Your objective:
Please, could you print all the lines below exactly, leaving out the pictures?

Dataset section:
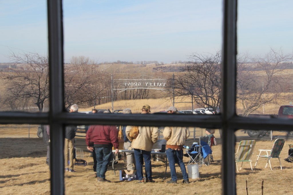 Looking through a window of the stone church, I photographed people gathering on the lawn for the Doughnut Hole Roasting Party. (Minnesota Prairie Roots copyrighted photo February 2026)
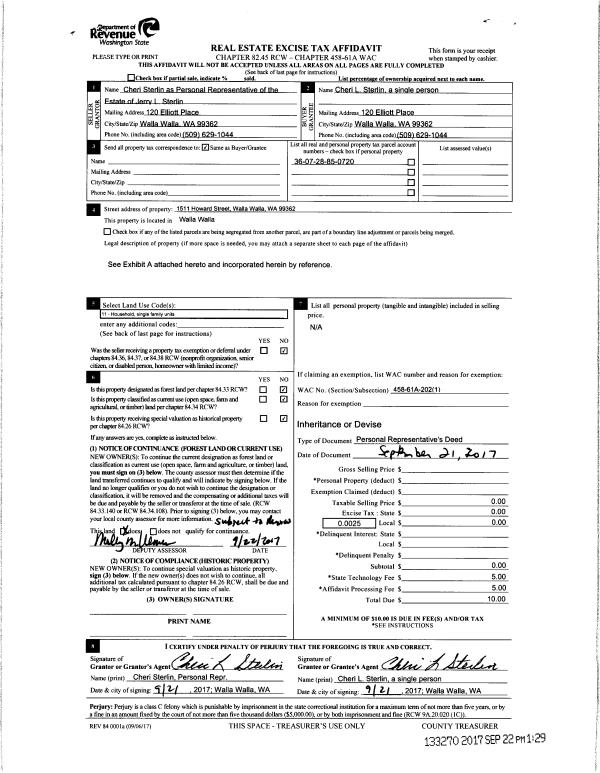 | 2 | 09/21/2017 | DPR | DEED OF PERSONAL REPRESENTATIVE | STERLIN JERRY L & CHERI L | STERLIN CHERI L | | | $0.00 | 133270 | 2017-07493 |
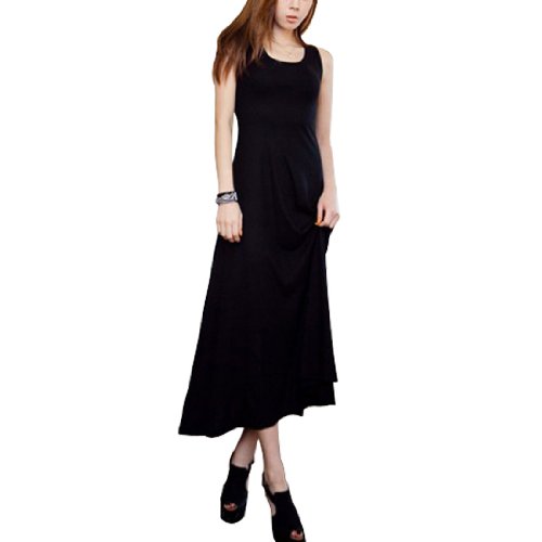 Allegra K Women Summer Scoop Neck Sleeveless Long Mid Calf Dress Black XS

Written answer:
 Looking through a window of the stone church, I photographed people gathering on the lawn for the Doughnut Hole Roasting Party. (Minnesota Prairie Roots copyrighted photo February 2026)
 | 2 | 09/21/2017 | DPR | DEED OF PERSONAL REPRESENTATIVE | STERLIN JERRY L & CHERI L | STERLIN CHERI L | | | $0.00 | 133270 | 2017-07493 |
 Allegra K Women Summer Scoop Neck Sleeveless Long Mid Calf Dress Black XS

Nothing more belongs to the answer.